▶ **WHAT THIS TASK INVOLVES**
Retype the following data exactly, but leave its pictures out.

▶ **AVAILABLE DATA**

####################

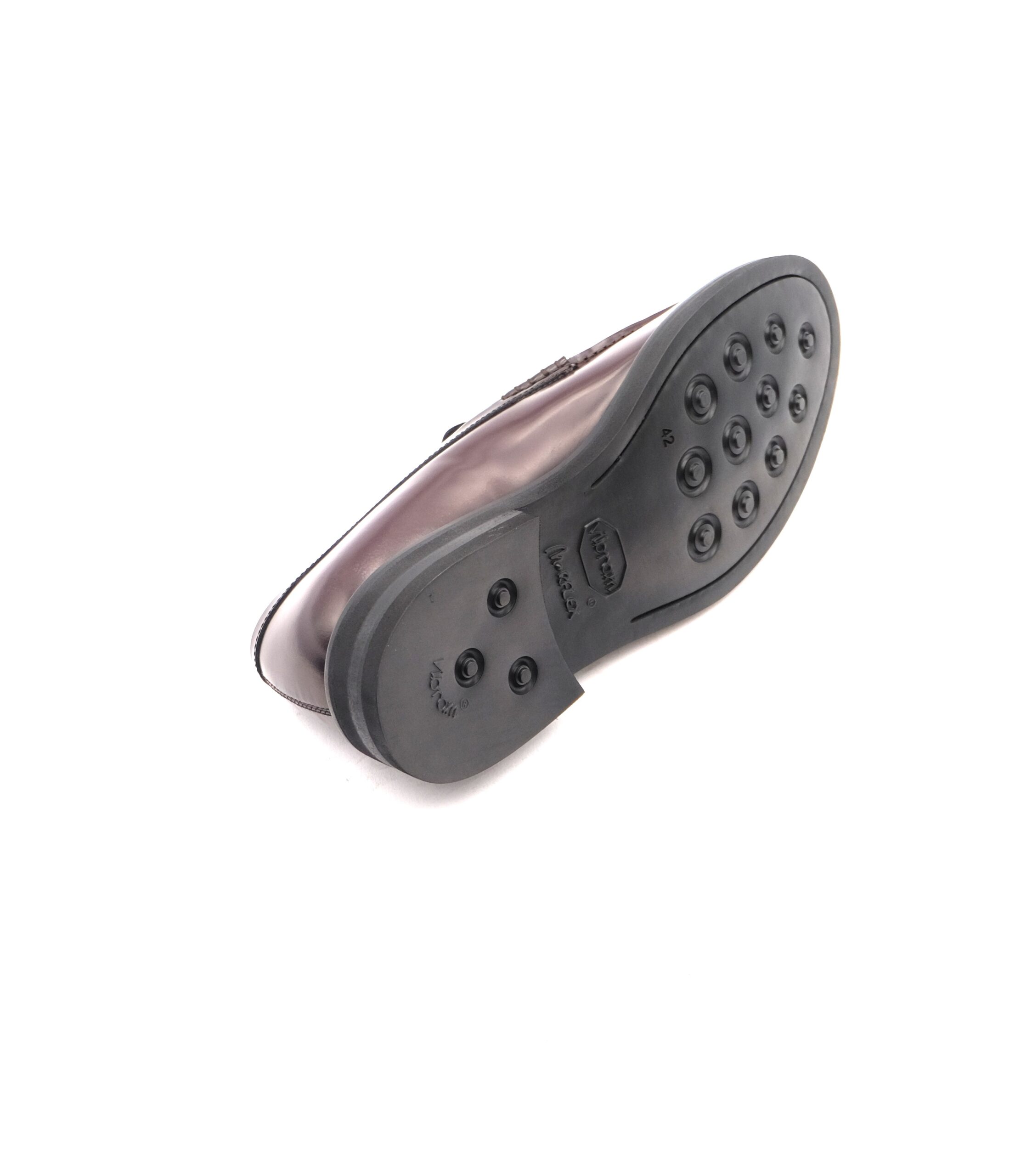 Mocassino con vaschetta liscia in vitello bordeaux, suola in cuoio flessibile con gomma Vibram antiscivolo ed anti pioggia, fodera in vitello, calzata standard
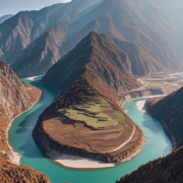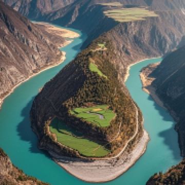 怒江流经贡山县丙中洛乡日丹村附近,受王期岩壁和丹拉大山的阻挡,掉头急转,形成了一个半圆形大弯,成为怒江大峡谷的标志性景观。半圆形大弯包住一块三面环水的半岛状小平原,风景秀丽壮观,平原上有个小村子叫坎通村。每当农闲假日,人们纷纷集中于此,或泛舟河上,或载歌载舞,一片和谐,堪称桃源仙境。从谷顶俯瞰,会看见湾中的台地和相连的王期山梁如同一只在海中遨游的千年巨人半身像。
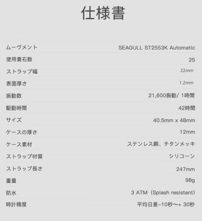 - 「3ATM生活防水」のSeagullオールAランクムーブメント
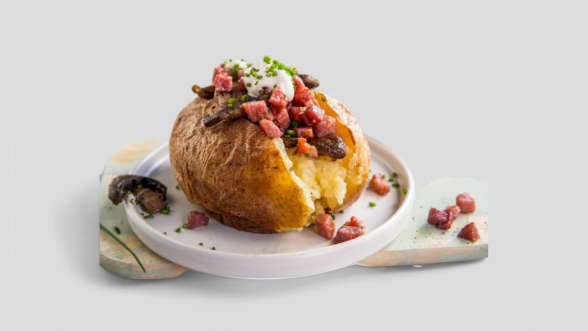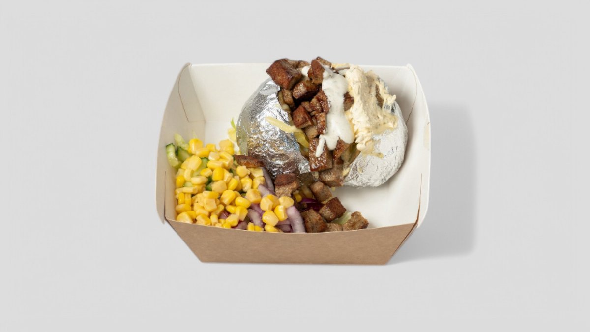 Salat, barbequesaus, løkringer, mais, tomater, cheddarost og pommes frites.

####################

▶ **TASK ANSWER**
 Mocassino con vaschetta liscia in vitello bordeaux, suola in cuoio flessibile con gomma Vibram antiscivolo ed anti pioggia, fodera in vitello, calzata standard
 怒江流经贡山县丙中洛乡日丹村附近,受王期岩壁和丹拉大山的阻挡,掉头急转,形成了一个半圆形大弯,成为怒江大峡谷的标志性景观。半圆形大弯包住一块三面环水的半岛状小平原,风景秀丽壮观,平原上有个小村子叫坎通村。每当农闲假日,人们纷纷集中于此,或泛舟河上,或载歌载舞,一片和谐,堪称桃源仙境。从谷顶俯瞰,会看见湾中的台地和相连的王期山梁如同一只在海中遨游的千年巨人半身像。
 - 「3ATM生活防水」のSeagullオールAランクムーブメント
 Salat, barbequesaus, løkringer, mais, tomater, cheddarost og pommes frites.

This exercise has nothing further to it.